A possibilidade de subalternos falarem de saúde foi uma das questões que nos inquietaram para a escrita deste texto. Por mais que existam vozes das periferias, elas não têm o mesmo poder de influência para mudar a situação de saúde, tal como as falas acadêmicas. Esse texto busca trazer a voz marginal, para que ela diga por si própria suas inquietações em saúde. Eles não precisam ser tutelados para serem ouvidos, eles precisam ser ouvidos para deixarem de ser tutelados.

Ao buscar aprender a falar ao (em vez de ouvir ou falar em nome do) sujeito historicamente emudecido da mulher subalterna, o intelectual pós-colonial sistematicamente "desaprende" o privilégio feminino. Essa de aprendizagem sistemática envolve aprender a criticar o discurso pós-colonial com as melhores ferramentas que ele pode proporcionar e não apenas substituindo a figura perdida do (a) colonizado (a). (SPIVAK, 2010, p. 88)

A tutela rouba o protagonismo de quem realmente conhece a realidade vivida. Muitas mulheres têm feito discursos em nome dos direitos sexuais e reprodutivos de mulheres negras, que por sua vez, têm encontrado pouco espaço para falar de suas inquietações. Mesmo com dados epidemiológicos e diversas métricas, não é a voz das negras que interpreta os dados e dá significado a eles. Elas são sufocadas pela tutela paternalista que as impedem de falar por si mesmas.

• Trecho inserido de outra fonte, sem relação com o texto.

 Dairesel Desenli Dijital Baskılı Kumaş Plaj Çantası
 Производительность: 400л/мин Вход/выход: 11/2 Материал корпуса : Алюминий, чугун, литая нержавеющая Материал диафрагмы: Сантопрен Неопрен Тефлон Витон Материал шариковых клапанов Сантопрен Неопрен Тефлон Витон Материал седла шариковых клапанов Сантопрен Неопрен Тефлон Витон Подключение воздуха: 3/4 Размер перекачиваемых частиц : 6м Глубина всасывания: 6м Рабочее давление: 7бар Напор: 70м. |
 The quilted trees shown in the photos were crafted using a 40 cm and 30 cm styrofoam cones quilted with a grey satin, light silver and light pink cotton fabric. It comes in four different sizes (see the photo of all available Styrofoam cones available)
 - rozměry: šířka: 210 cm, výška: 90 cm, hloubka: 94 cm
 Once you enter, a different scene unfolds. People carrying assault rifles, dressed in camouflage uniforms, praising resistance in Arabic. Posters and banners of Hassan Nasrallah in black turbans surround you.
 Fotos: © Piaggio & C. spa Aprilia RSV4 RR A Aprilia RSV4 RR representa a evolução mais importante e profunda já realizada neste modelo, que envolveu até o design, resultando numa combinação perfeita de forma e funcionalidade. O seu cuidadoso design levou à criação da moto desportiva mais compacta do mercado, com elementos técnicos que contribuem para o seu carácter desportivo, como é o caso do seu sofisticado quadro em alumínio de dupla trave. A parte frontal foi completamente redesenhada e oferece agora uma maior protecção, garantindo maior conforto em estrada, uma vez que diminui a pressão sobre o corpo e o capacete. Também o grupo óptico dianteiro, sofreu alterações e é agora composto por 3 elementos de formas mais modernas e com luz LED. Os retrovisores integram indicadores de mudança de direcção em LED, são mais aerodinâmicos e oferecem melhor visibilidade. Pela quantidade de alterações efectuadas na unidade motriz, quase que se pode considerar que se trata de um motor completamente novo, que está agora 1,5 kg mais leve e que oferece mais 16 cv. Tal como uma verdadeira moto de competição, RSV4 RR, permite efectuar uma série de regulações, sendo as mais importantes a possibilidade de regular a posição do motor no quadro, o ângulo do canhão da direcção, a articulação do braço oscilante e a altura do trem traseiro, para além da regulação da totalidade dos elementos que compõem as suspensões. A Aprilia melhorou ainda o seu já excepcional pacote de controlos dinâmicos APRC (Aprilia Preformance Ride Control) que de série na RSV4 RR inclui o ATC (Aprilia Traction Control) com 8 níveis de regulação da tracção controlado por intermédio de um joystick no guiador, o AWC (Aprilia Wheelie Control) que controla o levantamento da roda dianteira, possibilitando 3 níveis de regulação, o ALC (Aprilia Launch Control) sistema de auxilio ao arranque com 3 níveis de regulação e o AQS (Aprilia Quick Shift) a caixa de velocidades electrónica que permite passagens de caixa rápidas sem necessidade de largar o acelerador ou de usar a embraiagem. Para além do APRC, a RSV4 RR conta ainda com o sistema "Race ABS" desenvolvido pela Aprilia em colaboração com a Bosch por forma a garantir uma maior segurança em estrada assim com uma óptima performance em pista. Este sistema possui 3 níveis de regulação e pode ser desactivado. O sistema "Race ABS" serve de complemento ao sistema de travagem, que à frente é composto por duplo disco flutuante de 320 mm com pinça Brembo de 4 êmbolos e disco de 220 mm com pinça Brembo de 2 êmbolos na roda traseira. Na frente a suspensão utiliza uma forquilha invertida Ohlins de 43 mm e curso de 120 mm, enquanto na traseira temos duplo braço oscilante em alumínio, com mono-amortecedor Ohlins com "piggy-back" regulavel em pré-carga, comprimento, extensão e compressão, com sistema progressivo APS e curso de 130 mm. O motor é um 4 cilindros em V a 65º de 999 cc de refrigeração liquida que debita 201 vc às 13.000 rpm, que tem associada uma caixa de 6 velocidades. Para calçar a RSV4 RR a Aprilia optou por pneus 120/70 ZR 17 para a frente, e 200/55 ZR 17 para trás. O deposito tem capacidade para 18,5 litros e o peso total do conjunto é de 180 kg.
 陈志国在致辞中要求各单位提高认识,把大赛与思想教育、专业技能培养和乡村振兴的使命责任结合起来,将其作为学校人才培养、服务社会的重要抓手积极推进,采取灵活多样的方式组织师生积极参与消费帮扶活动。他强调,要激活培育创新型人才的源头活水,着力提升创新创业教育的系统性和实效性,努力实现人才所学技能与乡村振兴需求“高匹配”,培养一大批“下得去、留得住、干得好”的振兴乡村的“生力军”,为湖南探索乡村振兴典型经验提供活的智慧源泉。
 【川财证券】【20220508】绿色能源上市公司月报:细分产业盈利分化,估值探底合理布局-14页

A invisibilidade das pessoas negras faz com que suas realidades, seja na saúde e em outras áreas, sejam retratadas pela ótica racista de construção social. A literatura, para Dalcastagnè (2008), é um espaço que tem afastado autores negros, com poucos escritores e poucos personagens. Trata-se de homogeneidade de discursos que invisibiliza as pessoas negras. “A ausência de personagens negros na literatura não é apenas um problema político, mas também um problema estético, uma vez que implica na redução da gama de possibilidades de representação.” (Dalcastagnè, 2008, p. 97)

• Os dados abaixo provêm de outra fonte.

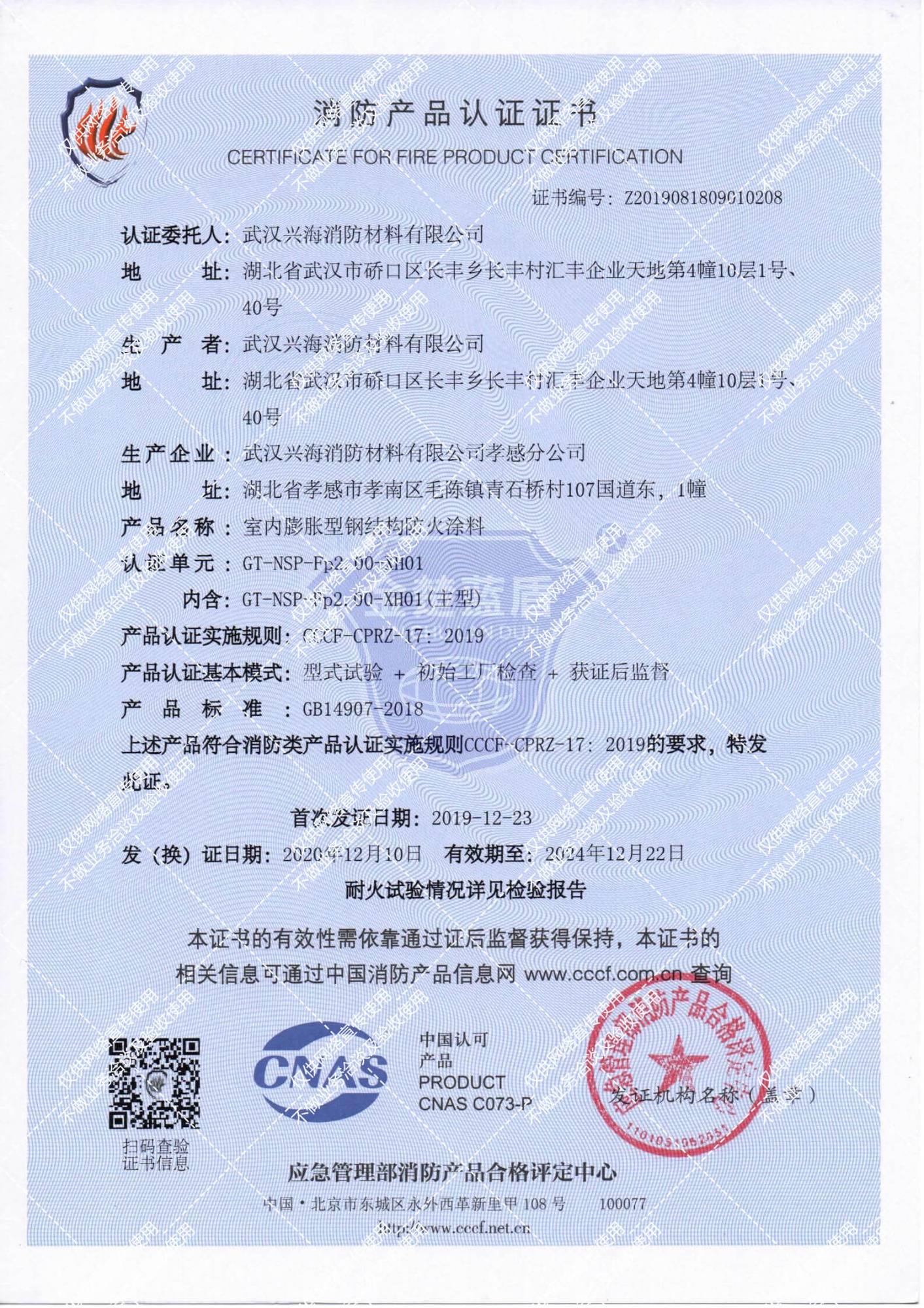 室內(nèi)非膨脹型2小時(shí)鋼結(jié)構(gòu)防火涂料消防產(chǎn)品認(rèn)證證書
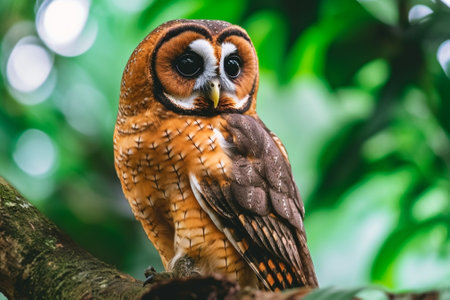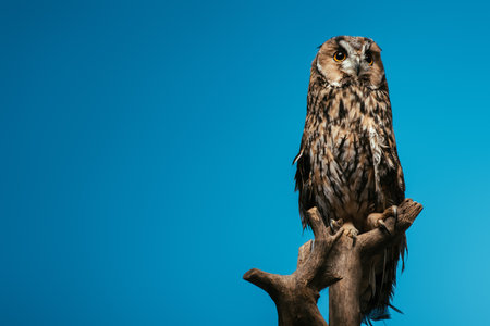Beautiful owl perches on a branch under the moonlight, creating a captivating scene of nocturnal wildlife
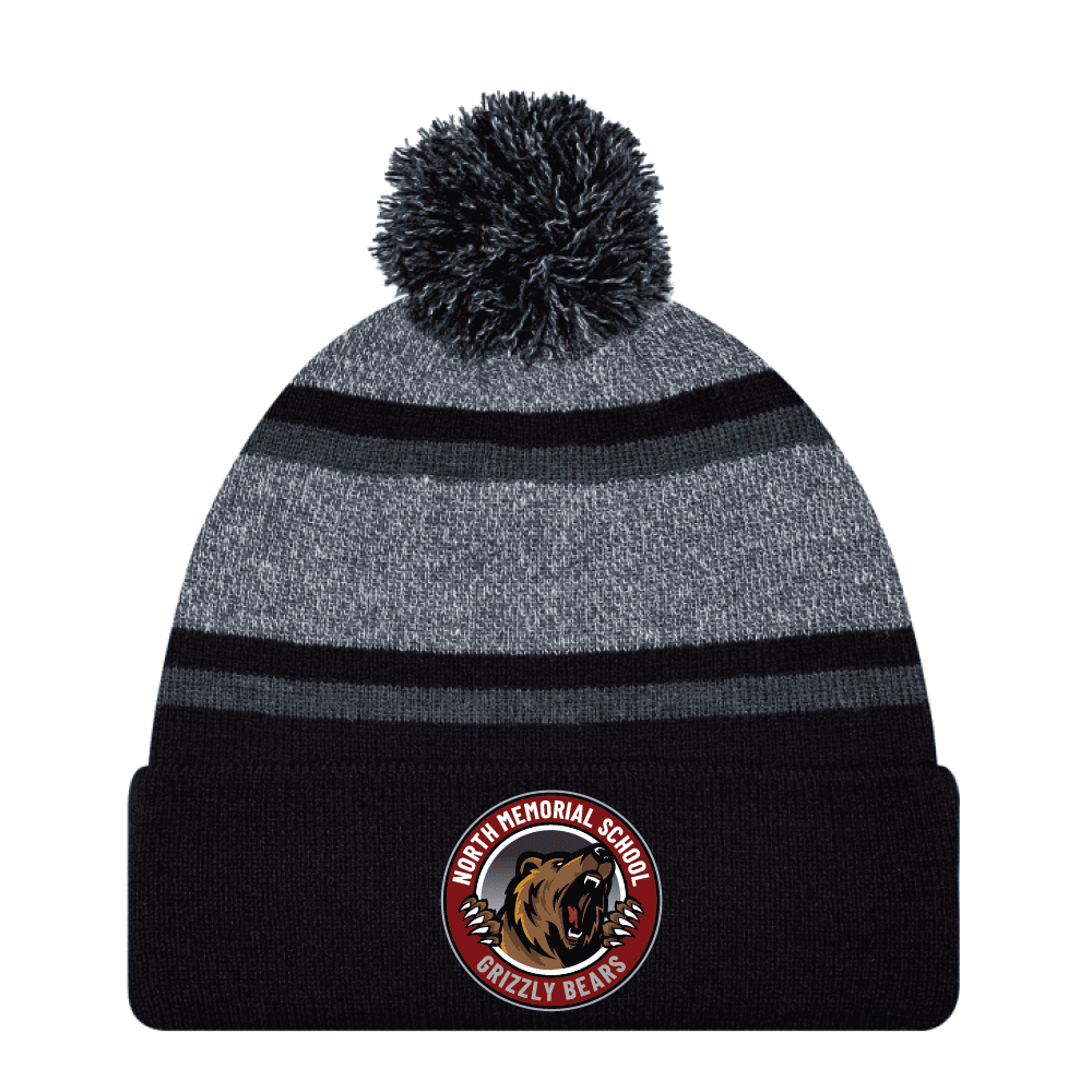 9M069M Acrylic Roll Pom Pom Toque – Black/Charcoal
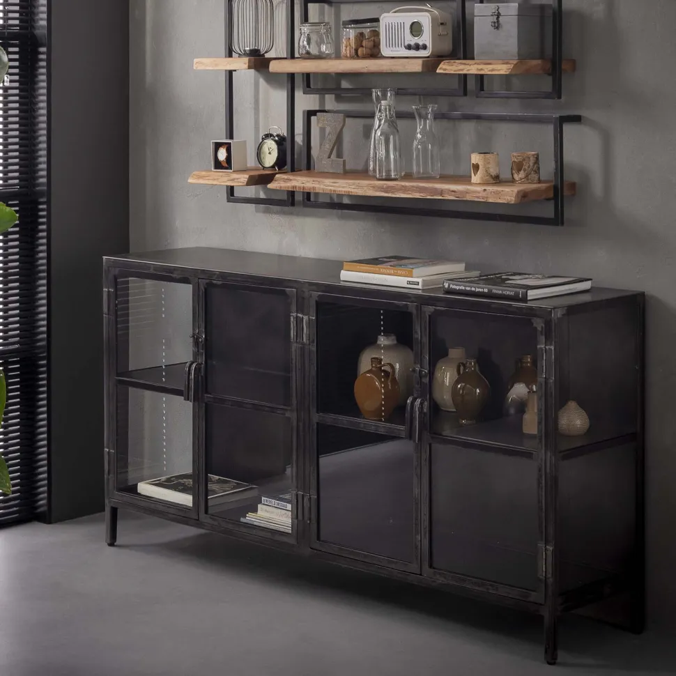 Industrieel Dressoir Rift Metal 180cm met 4 glazen deuren
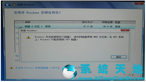Win7弹出“选中的磁盘具有MBR分区表”出状况
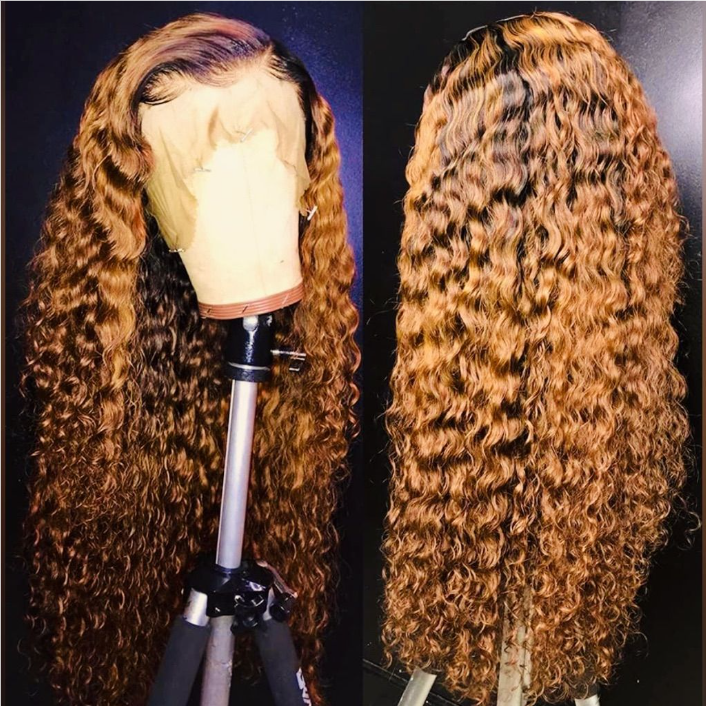 วิกผมลอนแท้100% วิกผมลอนใส13x4สีไฮไลต์มีความหนาแน่นของ200% มีสีใส

Na pesquisa feita por Dalcastagnè (2008) com 258 romances e 165 escritores diferentes, 93,59 % dos escritores são brancos. Em 56,6% do romances não há nenhuma personagem não branca. Os negros são 7,9 % das personagens, 5,8 dos protagonistas e 2,7 % dos narradores. 33% das crianças e 56% dos adolescentes negros são dependentes químicos em contraposição a 4% das crianças e 8% das personagens adolescentes brancas. Mais de um quinto dos negros representados nos romances são bandidos ou contraventores, “[...] o homem negro diante da mulher branca continua sendo representado como o animal sujo cobiçado pela fêmea depravada, ele é o corpo desprezível que a mulher branca, em sua irracionalidade deseja” (Dalcastagnè, 2008, p. 98). As mulheres negras aparecem nas atividades de domésticas e prostitutas, enquanto as brancas a ocupação predominantemente a posição de donas-de-casa. As personagens de religiões de matriz africana em 81,1% dos casos são pobres e miseráveis.

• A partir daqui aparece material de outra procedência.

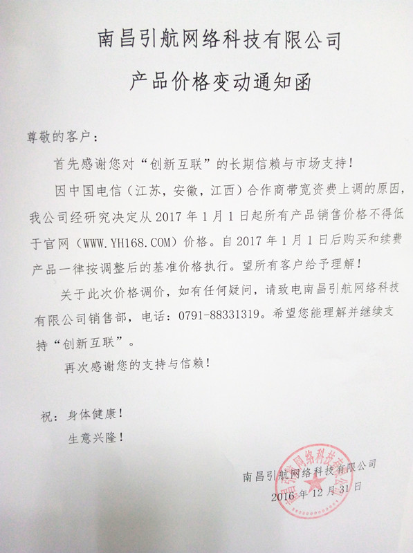 因中国电信(江苏,安徽,江西)合作商带宽资费上调的原因,我公司市场部经研究决定从2017年1月1日起所有产品销售价格不得低于官网(WWW.YH168.COM)基准价格,自2017年1月1日后购买和续费产品一律按调整后的基准价格执行,望所有客户给予理解!
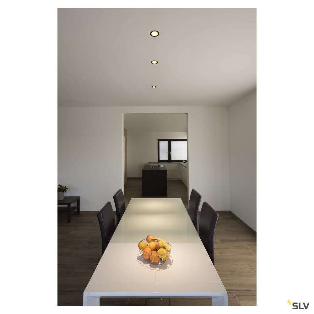 Intérieur plafonnier encastré avec corps lumineux LED fixe. Matériau principal: Aluminium et polycarbonate (PC), Couleur: noir et or, Form: rond, Puissance assignée: 9 W, Flux lumineux assigné: 570 lm, Température de couleur (CCT): 3000K, Indice général de rendu des couleurs (IRC) Ra: 80, Maintien du flux lumineux: L70B50 ≥ 30000 h, Classe de protection (EN 61140): III, Indice de protection (DIN EN 60529): IP20, donc Protection contre les corps étrangers solides d'un diamètre > 12,5 mm, Tension d'alimentation: 500mA, Diamètre du luminaire: 7.8 cm, Diamètre de la découpe: 6.8 cm, Dimension (L/W/H): ( 7.8 / 7.8 / 8.2 cm ), Poids: 0.185 kg. Le produit répond aux exigences essentielles des directives européennes applicables et de la loi sur la sécurité des produits et porte le marquage CE.SLV Référence 1002594 / EAN 4024163228190
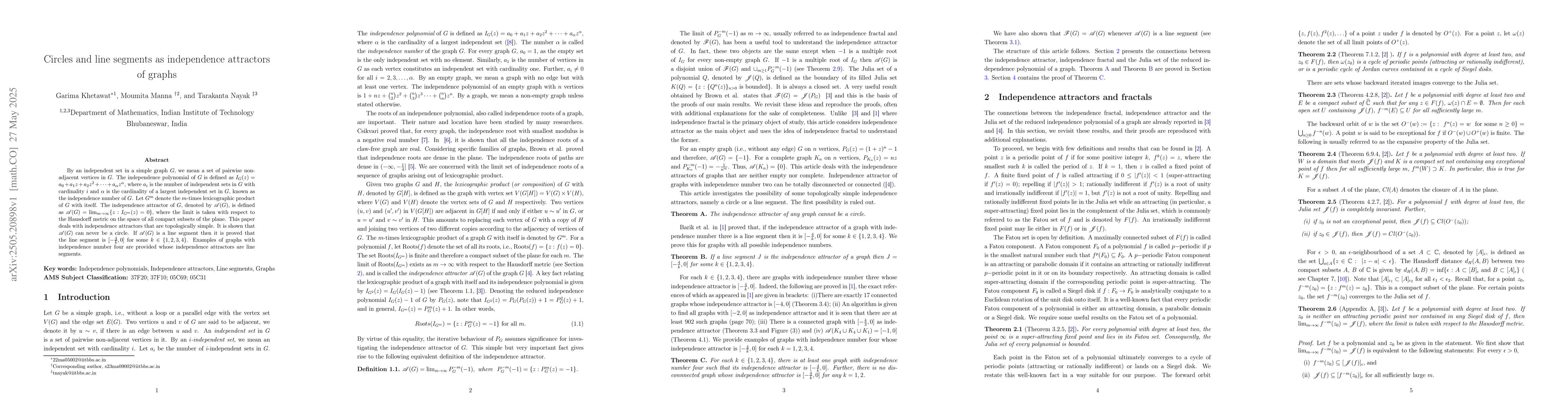 The paper investigates independence attractors of graphs, which relate to sets of non-adjacent vertices, finding that these attractors can never be a circle but always form a line segment within specific ranges.

Os dados da pesquisa de Dalcastagnè (2008) apontam como estereótipos têm sido perpetuados na representação de negras e negros. O imaginário popular é permeado por essas imagens e acaba por legitimar a desigualdade racial. Não somente nos romances mas em diversos veículos, o preconceito contra negros é confirmado a exaustão. Os programas de televisão que mostram pessoas negras em situação de conflito com a lei têm o mesmo papel que o filme “Cidade de Deus” onde 99% dos personagens negros estão envolvidos com o crime. O preconceito fica justificado e qualquer ação violenta contra os corpos negros, está legitimada no imaginário popular.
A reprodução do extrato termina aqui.